# What this task involves:
Output the listing exactly, without its pictures.

# Collected material:
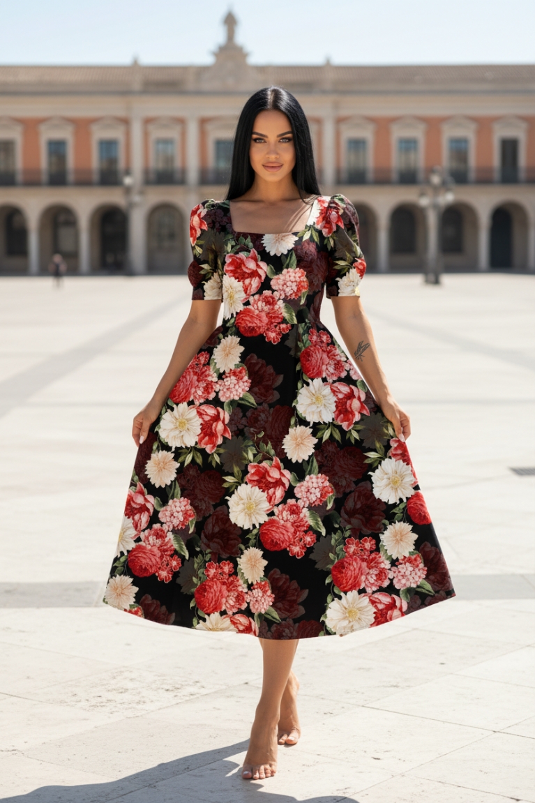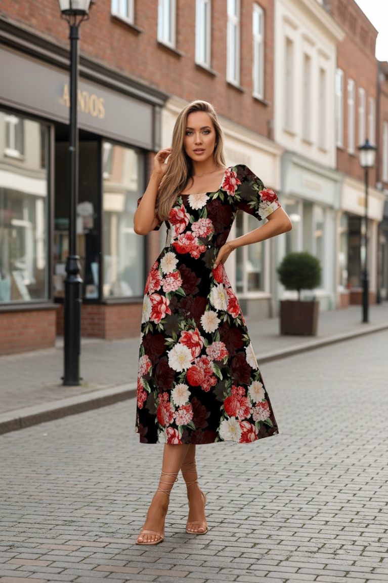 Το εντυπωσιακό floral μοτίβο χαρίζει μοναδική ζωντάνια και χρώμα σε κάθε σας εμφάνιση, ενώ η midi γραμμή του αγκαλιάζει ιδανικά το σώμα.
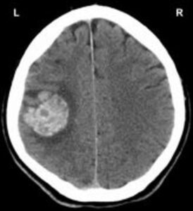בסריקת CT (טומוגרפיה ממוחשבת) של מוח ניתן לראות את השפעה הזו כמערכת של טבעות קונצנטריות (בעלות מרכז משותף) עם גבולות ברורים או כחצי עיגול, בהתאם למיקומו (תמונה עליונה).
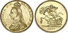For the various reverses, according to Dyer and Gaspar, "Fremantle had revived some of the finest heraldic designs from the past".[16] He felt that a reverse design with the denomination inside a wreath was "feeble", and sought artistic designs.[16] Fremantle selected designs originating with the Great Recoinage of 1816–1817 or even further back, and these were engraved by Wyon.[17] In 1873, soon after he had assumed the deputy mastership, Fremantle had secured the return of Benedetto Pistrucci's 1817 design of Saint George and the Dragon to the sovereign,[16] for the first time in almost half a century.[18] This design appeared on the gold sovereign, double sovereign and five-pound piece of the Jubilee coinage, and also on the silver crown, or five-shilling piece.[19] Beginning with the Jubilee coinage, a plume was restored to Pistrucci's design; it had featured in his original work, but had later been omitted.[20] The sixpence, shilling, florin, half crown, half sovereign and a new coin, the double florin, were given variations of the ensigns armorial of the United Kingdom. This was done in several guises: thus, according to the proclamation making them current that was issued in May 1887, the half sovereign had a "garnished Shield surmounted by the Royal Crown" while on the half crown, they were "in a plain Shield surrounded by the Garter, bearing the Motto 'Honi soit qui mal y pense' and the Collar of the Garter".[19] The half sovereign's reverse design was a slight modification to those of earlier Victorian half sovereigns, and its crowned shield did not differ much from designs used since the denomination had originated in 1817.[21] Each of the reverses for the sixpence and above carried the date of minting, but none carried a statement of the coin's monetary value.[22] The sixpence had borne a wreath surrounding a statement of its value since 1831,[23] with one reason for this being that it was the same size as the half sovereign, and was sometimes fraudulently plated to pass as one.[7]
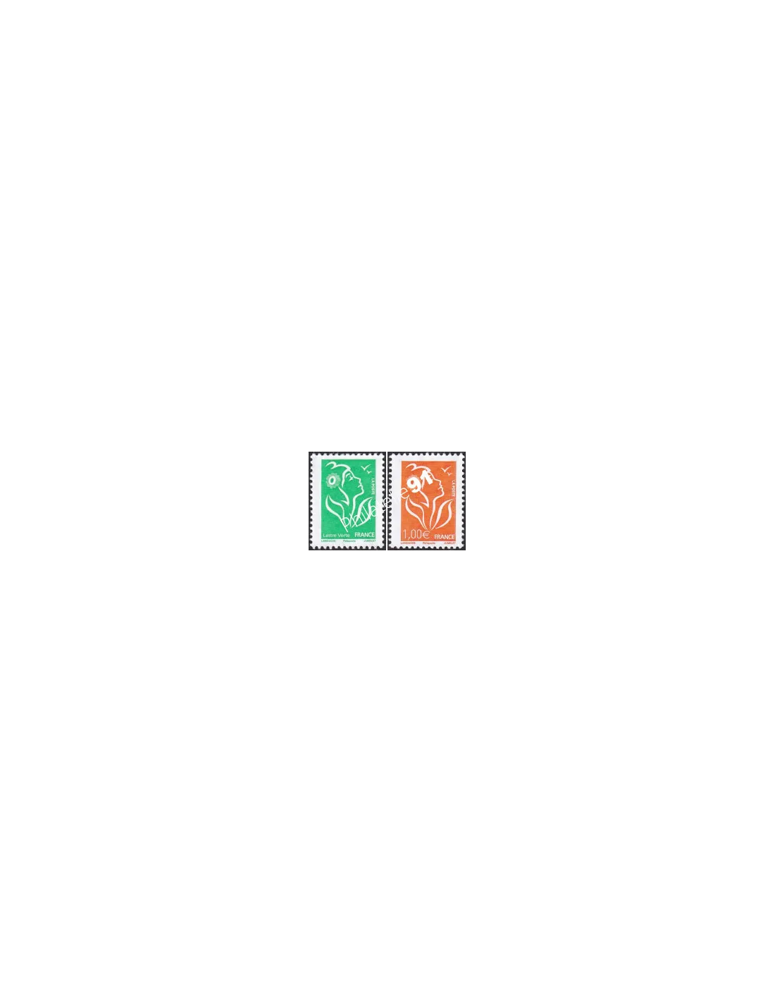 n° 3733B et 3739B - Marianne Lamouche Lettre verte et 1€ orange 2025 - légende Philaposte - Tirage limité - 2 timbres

# Expected output:
 Το εντυπωσιακό floral μοτίβο χαρίζει μοναδική ζωντάνια και χρώμα σε κάθε σας εμφάνιση, ενώ η midi γραμμή του αγκαλιάζει ιδανικά το σώμα.
בסריקת CT (טומוגרפיה ממוחשבת) של מוח ניתן לראות את השפעה הזו כמערכת של טבעות קונצנטריות (בעלות מרכז משותף) עם גבולות ברורים או כחצי עיגול, בהתאם למיקומו (תמונה עליונה).
For the various reverses, according to Dyer and Gaspar, "Fremantle had revived some of the finest heraldic designs from the past".[16] He felt that a reverse design with the denomination inside a wreath was "feeble", and sought artistic designs.[16] Fremantle selected designs originating with the Great Recoinage of 1816–1817 or even further back, and these were engraved by Wyon.[17] In 1873, soon after he had assumed the deputy mastership, Fremantle had secured the return of Benedetto Pistrucci's 1817 design of Saint George and the Dragon to the sovereign,[16] for the first time in almost half a century.[18] This design appeared on the gold sovereign, double sovereign and five-pound piece of the Jubilee coinage, and also on the silver crown, or five-shilling piece.[19] Beginning with the Jubilee coinage, a plume was restored to Pistrucci's design; it had featured in his original work, but had later been omitted.[20] The sixpence, shilling, florin, half crown, half sovereign and a new coin, the double florin, were given variations of the ensigns armorial of the United Kingdom. This was done in several guises: thus, according to the proclamation making them current that was issued in May 1887, the half sovereign had a "garnished Shield surmounted by the Royal Crown" while on the half crown, they were "in a plain Shield surrounded by the Garter, bearing the Motto 'Honi soit qui mal y pense' and the Collar of the Garter".[19] The half sovereign's reverse design was a slight modification to those of earlier Victorian half sovereigns, and its crowned shield did not differ much from designs used since the denomination had originated in 1817.[21] Each of the reverses for the sixpence and above carried the date of minting, but none carried a statement of the coin's monetary value.[22] The sixpence had borne a wreath surrounding a statement of its value since 1831,[23] with one reason for this being that it was the same size as the half sovereign, and was sometimes fraudulently plated to pass as one.[7]
 n° 3733B et 3739B - Marianne Lamouche Lettre verte et 1€ orange 2025 - légende Philaposte - Tirage limité - 2 timbres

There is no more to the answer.